Introduces an OracleArray abstraction so that implementations only differ on the set of oracles they use.
It also includes a generic module of tests that each OracleArray implementation can then simply macro expand.

Closes F-685

Adds empty(), map, filter, any, all, find and read_as to EphemeralArray
(spun off from #23928) and mirrors them on TransientArray.
@mverzilli mverzilli requested a review from nventuro as a code owner June 10, 2026 08:43
Both types are now aliases of a single OracleArray<T, Oracle> generic,
parameterized by an ArrayOracle backend trait whose impls wrap the
existing #[oracle] declarations. Foreign-call names and the TS-side
services are untouched; monomorphization emits the same calls as before.
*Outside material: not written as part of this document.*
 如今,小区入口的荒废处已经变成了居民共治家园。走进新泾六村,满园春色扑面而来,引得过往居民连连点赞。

empty_at stays ephemeral-only via a specialized impl. Test suites are
byte-for-byte unchanged. Expansion snapshots regenerated: nargo expand
now prints the resolved OracleArray paths.
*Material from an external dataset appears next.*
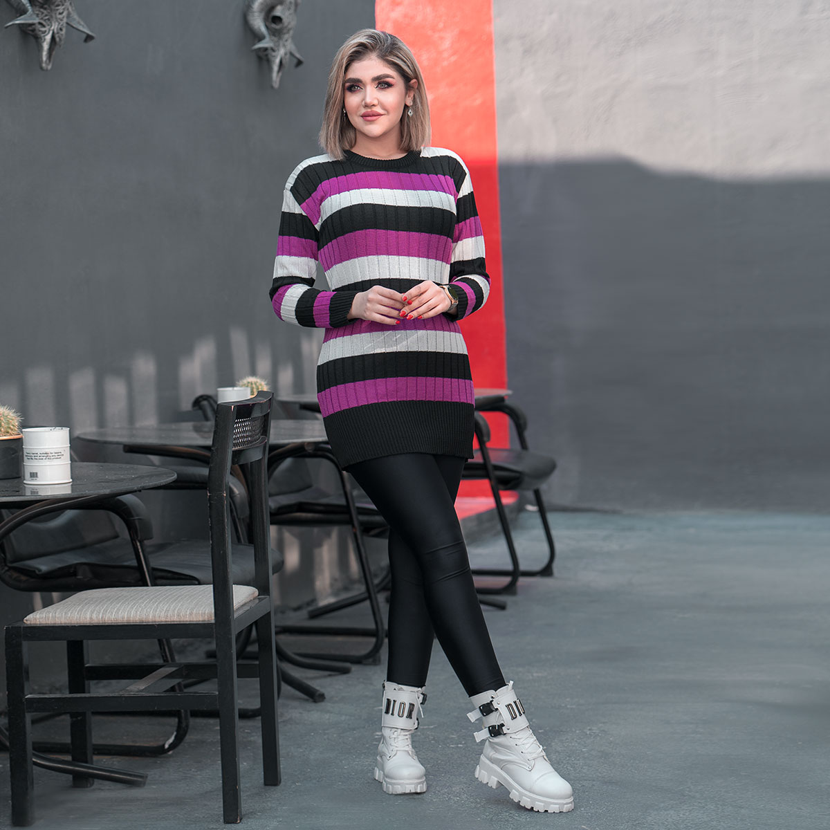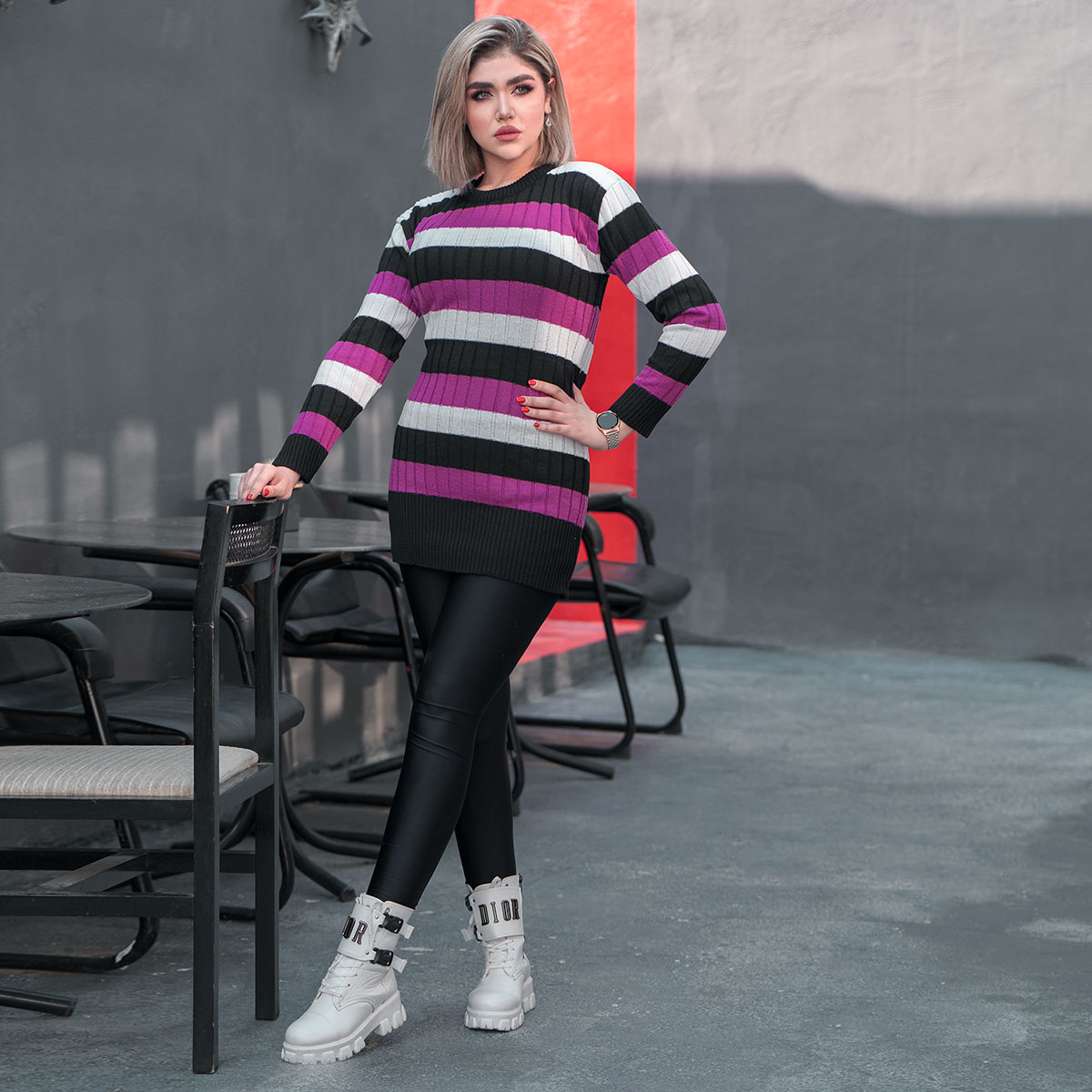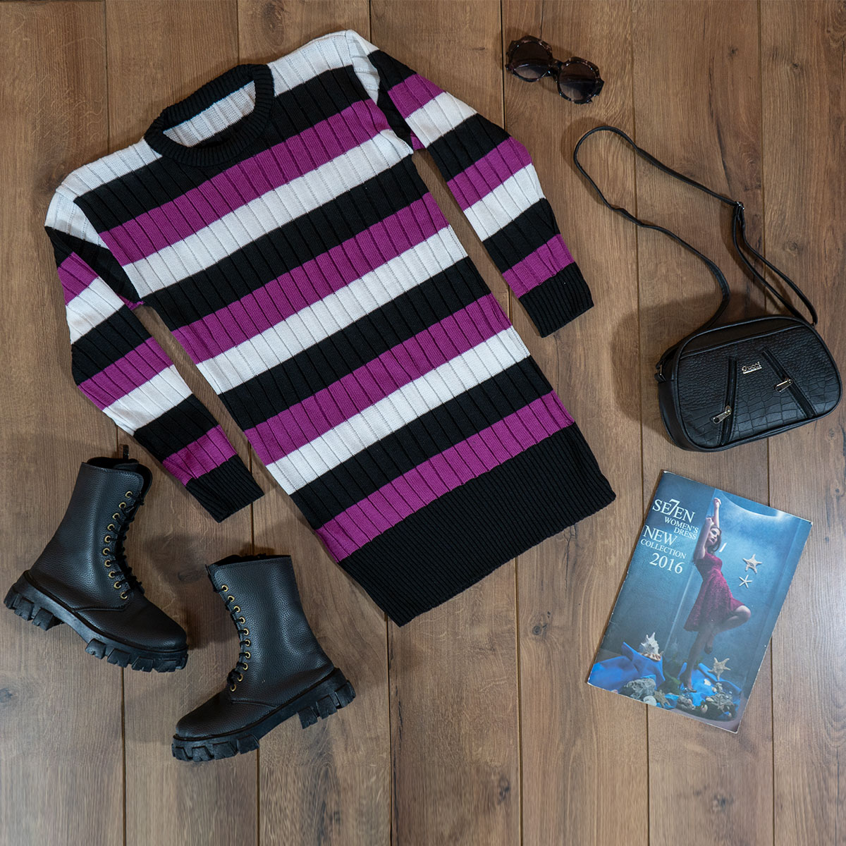 تونیک بافت زنانه راه راه بنفش مشکی مدل kareno

Comment thread noir-projects/aztec-nr/aztec/src/oracle_array/mod.nr Outdated
Each behavior check is written once in oracle_array/test_helpers.nr,
generic over the ArrayOracle backend; the ephemeral and transient test
modules keep one named #[test] wrapper per behavior so counts, names
and CI filters are unchanged. Backend-specific tests (empty_at,
store/load/delete) stay with their backend.
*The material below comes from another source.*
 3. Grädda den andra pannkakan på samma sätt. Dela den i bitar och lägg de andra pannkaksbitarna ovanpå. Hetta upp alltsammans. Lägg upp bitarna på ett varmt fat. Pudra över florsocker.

Moves empty_at from the ephemeral-only impl into the shared OracleArray
impl, making it available on TransientArray as well. Its doc notes that
for cross-frame backends it wipes data other frames may have written.
The empty_at test moves to the shared suite and runs on both backends.
Generic store/load/delete cores live in oracle_array; ephemeral and
transient expose them via thin module-level wrappers, so both backends
now have identical public surfaces (alias + oracle marker +
store/load/delete). The store/load test bodies move to the shared
suite; each backend keeps a store_and_load smoke test through its own
wrappers. Also fixes the stale test_helpers doc that still described
empty_at and store/load as backend-specific.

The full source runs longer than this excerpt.